● **Provided information**
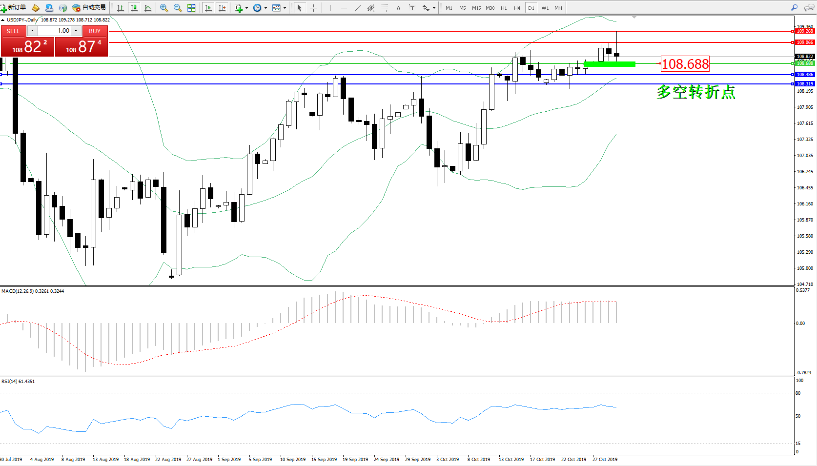 美元兑日元现报108.90,涨0.05%;据日经新闻:日本央行正考虑在10月31日的利率决议中修改前瞻性指引,以更明确地暗示未来降息的可能性。美国三季度GDP同比增长1.9%,略低于二季度的2.0%,但明显强于市场观察者之前给出的1.6%这一悲观预测。这显示美国经济在旺盛消费活动的带动下仍保持韧性,缓冲了贸易和投资领域所遭遇的冲击。因此,经济并未录得预期中严重的失速;美联储宣布降息25个基点至1.5%-1.75%,为年内第三次降息,符合市场预期;在会后的政策声明中,美联储删除了“采取适当措施”的承诺。
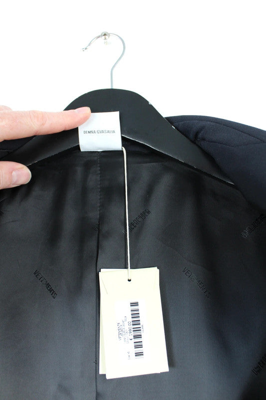 Vetements SS19 Unisex Open Sleeve Navy Double Breasted Jacket XS
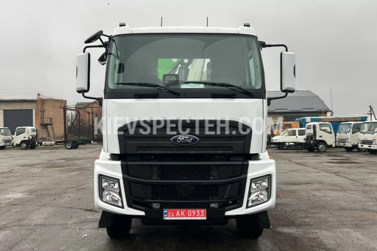 Шасси FORD Trucks 3333 DC оснащено дизельным двигателем Ford Ecotorq рабочим объемом 9,0 л, который развивает мощность 330 л.с. и крутящий момент 1300 Нм в диапазоне 1200–1700 об/мин, что обеспечивает стабильную тягу даже при полной загрузке и работе с краном. В паре с механической коробкой передач EATON ESO14409 (9+1) и ведущими мостами с передаточным числом 4,87 силовой агрегат гарантирует эффективную передачу крутящего момента и адаптацию к сложным дорожным условиям. Подвеска выполнена в виде параболических рессор спереди и балансирной системы сзади, что повышает устойчивость и равномерность распределения нагрузки между осями.
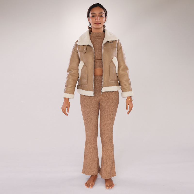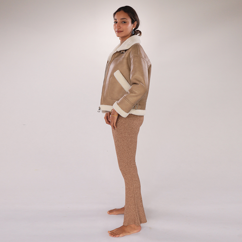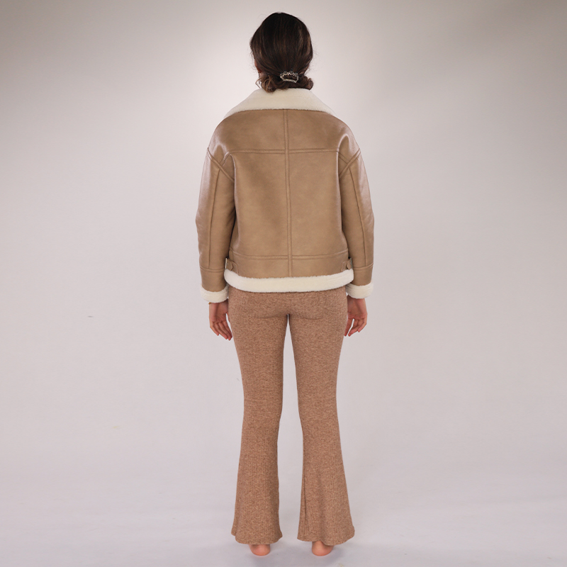 Faux Sheepskin Leather Motorcycle Jacket – Wool Lined
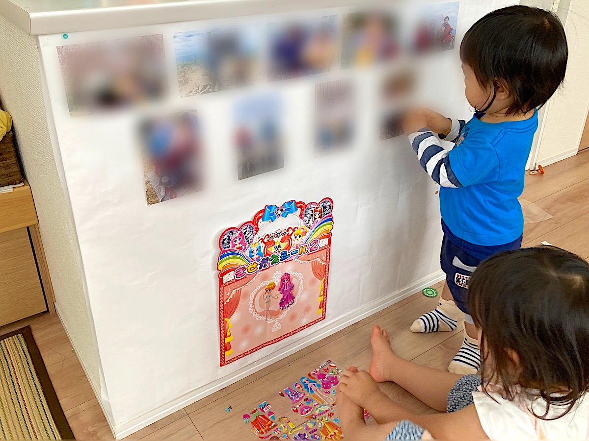 ただ、大事にしたいポイントがある。「子どもの手が届くところ、子どもの目線に写真を飾る」ということだ。家族写真をリビングに飾っている家庭は多いと思う。しかし、写真立てにいれて飾ったり、コルクボードにピンで貼ったりすると、子どもはわざわざ見上げないと視界に入らない。あげく、子どもがもっと近くで見たくて触ろうとしたりすると、「壊すからダメ」と取り上げてしまったりする。大事なのは、ただリビングを走り回っているときや、積木で遊んでいてふと顔をあげた瞬間に、自然と子どもの視界に入ることだ。
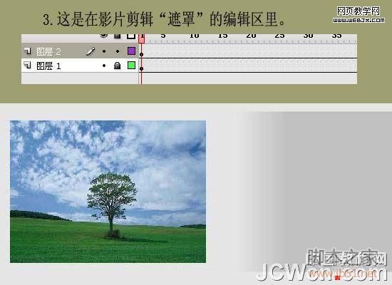 選中矩形,垂直中齊,右鍵轉換為“影片剪輯”,名“遮罩”。用右方向鍵將它右移至圖片左邊對齊,如圖3:
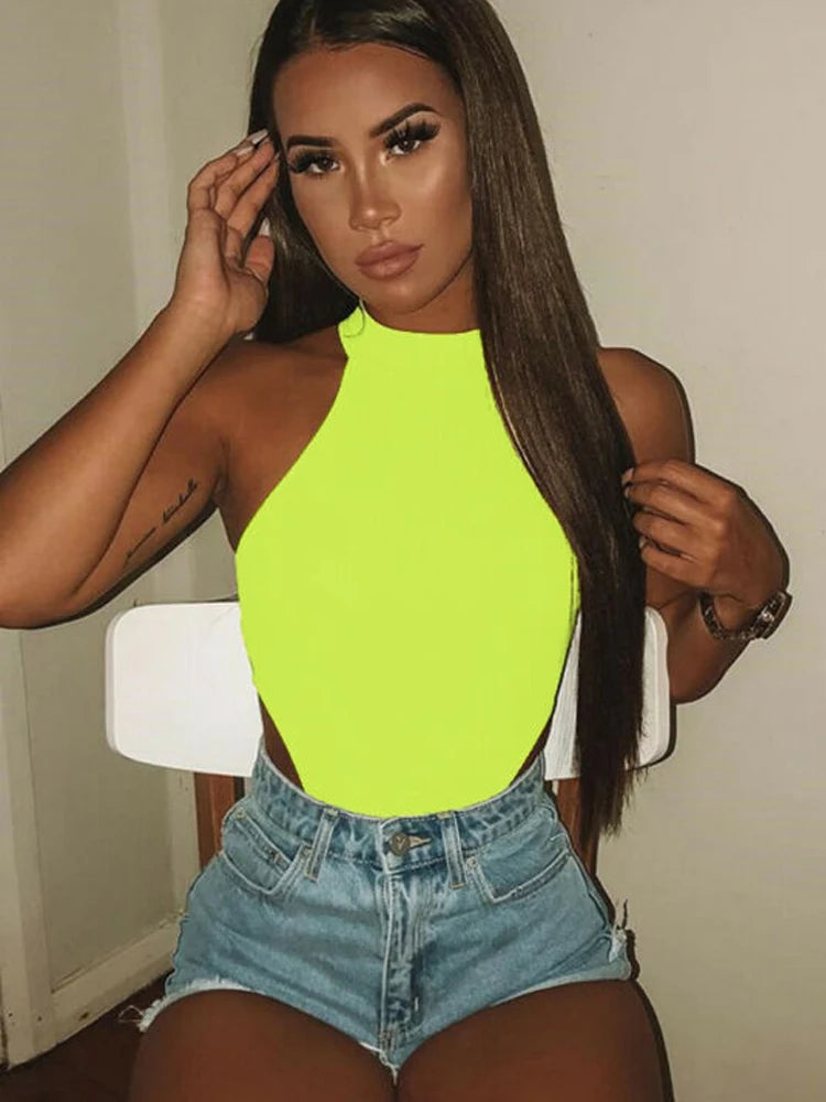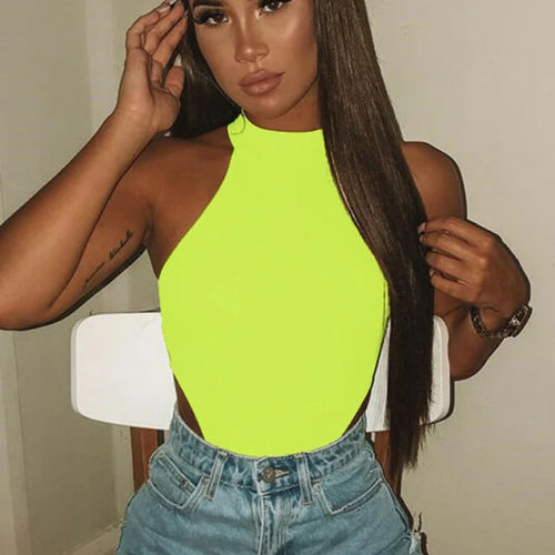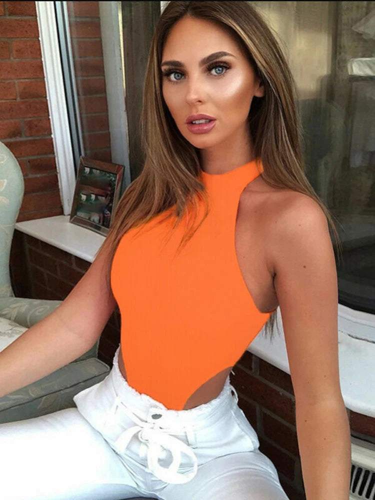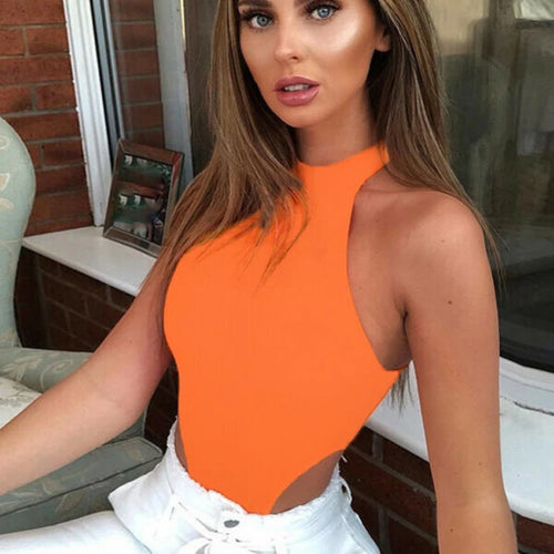 Women Ladies Sexy Sleeveless Solid Color High Cut Slim Skinny Bodycon Club Beach Fashion Halter Bodysuits Leotard

● **Task item**
The entries above should be written out in full, and any picture in them left out.

● **Expected answer**
 美元兑日元现报108.90,涨0.05%;据日经新闻:日本央行正考虑在10月31日的利率决议中修改前瞻性指引,以更明确地暗示未来降息的可能性。美国三季度GDP同比增长1.9%,略低于二季度的2.0%,但明显强于市场观察者之前给出的1.6%这一悲观预测。这显示美国经济在旺盛消费活动的带动下仍保持韧性,缓冲了贸易和投资领域所遭遇的冲击。因此,经济并未录得预期中严重的失速;美联储宣布降息25个基点至1.5%-1.75%,为年内第三次降息,符合市场预期;在会后的政策声明中,美联储删除了“采取适当措施”的承诺。
 Vetements SS19 Unisex Open Sleeve Navy Double Breasted Jacket XS
 Шасси FORD Trucks 3333 DC оснащено дизельным двигателем Ford Ecotorq рабочим объемом 9,0 л, который развивает мощность 330 л.с. и крутящий момент 1300 Нм в диапазоне 1200–1700 об/мин, что обеспечивает стабильную тягу даже при полной загрузке и работе с краном. В паре с механической коробкой передач EATON ESO14409 (9+1) и ведущими мостами с передаточным числом 4,87 силовой агрегат гарантирует эффективную передачу крутящего момента и адаптацию к сложным дорожным условиям. Подвеска выполнена в виде параболических рессор спереди и балансирной системы сзади, что повышает устойчивость и равномерность распределения нагрузки между осями.
 Faux Sheepskin Leather Motorcycle Jacket – Wool Lined
 ただ、大事にしたいポイントがある。「子どもの手が届くところ、子どもの目線に写真を飾る」ということだ。家族写真をリビングに飾っている家庭は多いと思う。しかし、写真立てにいれて飾ったり、コルクボードにピンで貼ったりすると、子どもはわざわざ見上げないと視界に入らない。あげく、子どもがもっと近くで見たくて触ろうとしたりすると、「壊すからダメ」と取り上げてしまったりする。大事なのは、ただリビングを走り回っているときや、積木で遊んでいてふと顔をあげた瞬間に、自然と子どもの視界に入ることだ。
 選中矩形,垂直中齊,右鍵轉換為“影片剪輯”,名“遮罩”。用右方向鍵將它右移至圖片左邊對齊,如圖3:
 Women Ladies Sexy Sleeveless Solid Color High Cut Slim Skinny Bodycon Club Beach Fashion Halter Bodysuits Leotard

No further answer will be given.